O professor José-Carlos Mainer lembra que o romance do século XIX se
mediu com o afã totalizador da ciência. O do século XX, com a filosofia. E o do
XXI parece medir-se com a informação. “O relato de hoje sai de casa, move-se
inquieto ao redor dos limites da imaginação, à falta de outras presas, nas
páginas dos periódicos”. E isso inclui os velhos jornais e buscas ao passado
próximo como os de Almudena Grandes ou Ignacio Martínez de Pisón. Ou nos mais
recentes, como Manuel Vicent, que prepara um romance sobre o rei a partir do
retrato de Antonio López; ou a mexicana Guadalupe Nettel que num só instante
ancora a ambiciosa nave que havia deixado voar, Después del invierno, no atentado da maratona de Boston. No seu
caso, é um momento apenas, quase um suspiro, mas o artefato toma tema e ajuda
ao leitor regressar. O horror sempre pode ser maior.
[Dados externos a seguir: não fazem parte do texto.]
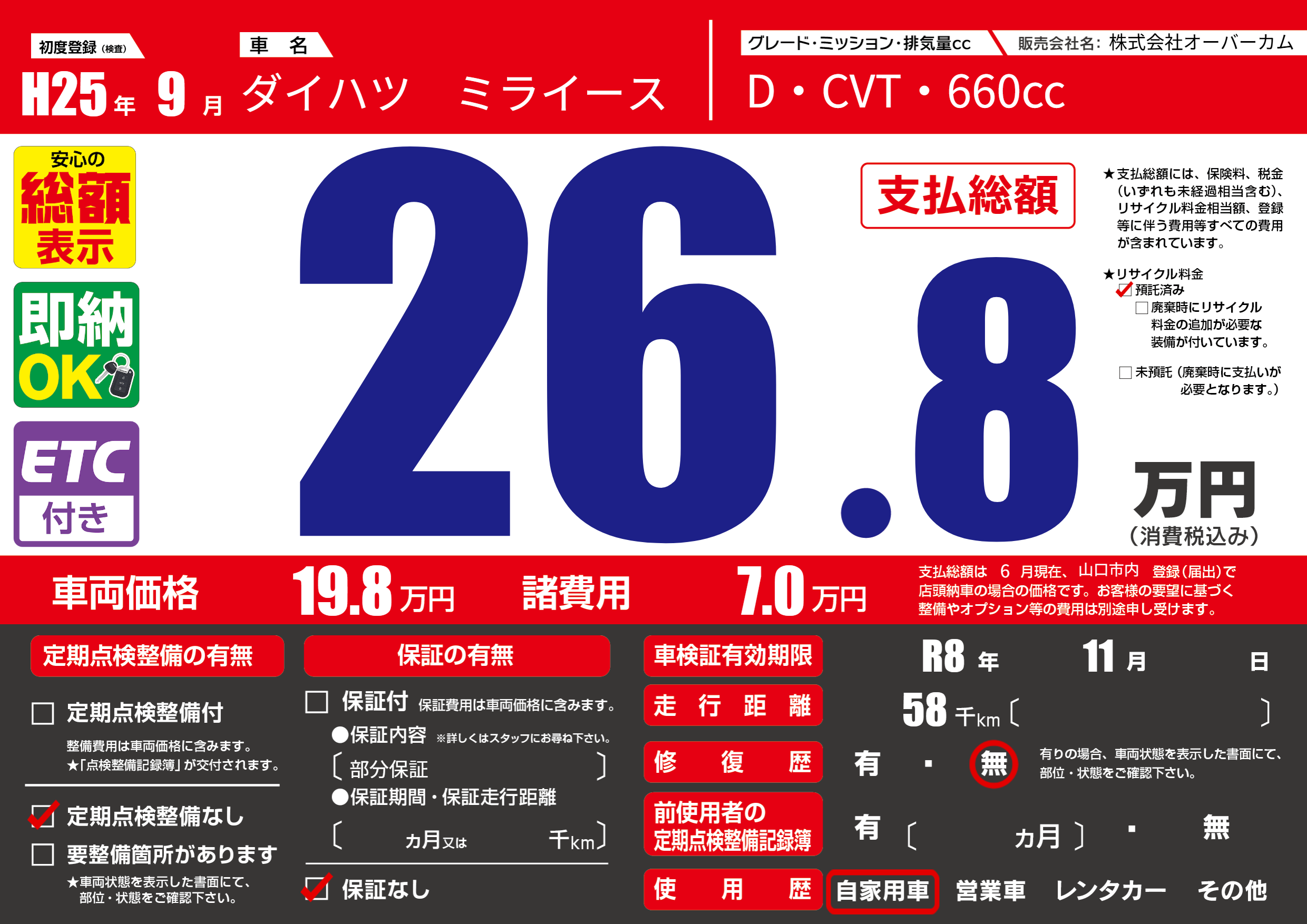 | 走行キロ | 5.8万km | 初年度登録 | H25年9月 |
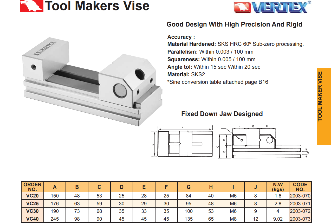 – Ê tô máy mài VC của VERTEX được thiết kế với độ chính xác và cứng vững cao.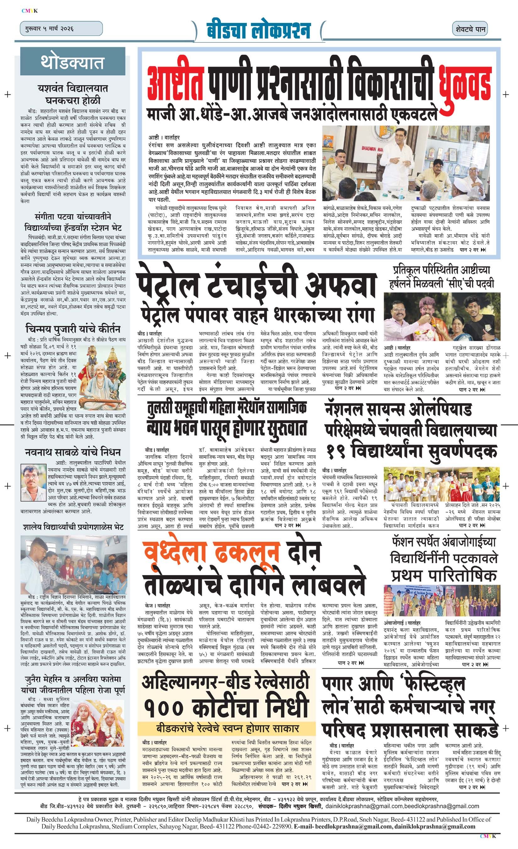 संपादक – दिलीप मधुकर खिस्ती, मो नं 9422242790, जाहिरात विभाग – 9595353531, dainiklokprashna@gmail.com, beedlokprashna@gmail.com, दै. बीडचा लोकप्रश्न, स्टेडियम कॉम्प्लेक्स सहयोगनगर, बीड जि. बीड – ४३११२२ << First << 1 >> Last >> पहिले पान दुसरे पान तिसरे पान चौथे पान पाचवे पान सहावे पान सातवे पान आठवे पान Visitor Counter free online counter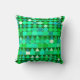 Travesseiro quadrado com padrão em bandas de formas geométricas, em uma tomada moderna de um padrão tribal, em tons de verde-mar, verde-jade, aqua e turquesa em um fundo verde esmeralda profundo

“O certo é que agora estamos bombardeados por mais informação que
nunca. O romance dá resposta a isso? Pode ser e não ser”, conclui Cercas. “Os
jornais e a televisão têm superado o romance, há uma crônica novelística por detrás
do sumário de Bárcenas ou do ingresso de Pantoja no cárcere, e o consumidor de
notícias gosta disso, devora, e pensa para que vou ler um romance se os periódicos
já me divertem”, diz Pardo.
O debate sobre ficção e não-ficção dura tanto como a literatura e
talvez, como disse Günter Grass: “Este assunto é um sem sentido. Talvez seja
útil aos livreiros para classificar os livros por gênero. Sempre imaginei uma
sorte de comitê livreiro reunindo-se para decidir quais devem ser ficção e
quais não. Diria que o que fazem os livreiros é ficção!”
Quem sabe. Talvez tudo isso, incluída a anunciada morte do romance, também
é ficção. E a única verdade seja, nas palavras de Cercas, que: “Se o romance
está morto – coisa que se diz desde que está vivo – a culpa é nossa por não aproveitar
todas as possibilidades que abriu Cervantes, que nos deu um gênero em que cabe
tudo. Essa foi sua genialidade”.
* Tradução de “La realidad asalta la ficción”, publicado no caderno Babelia, do jornal El País.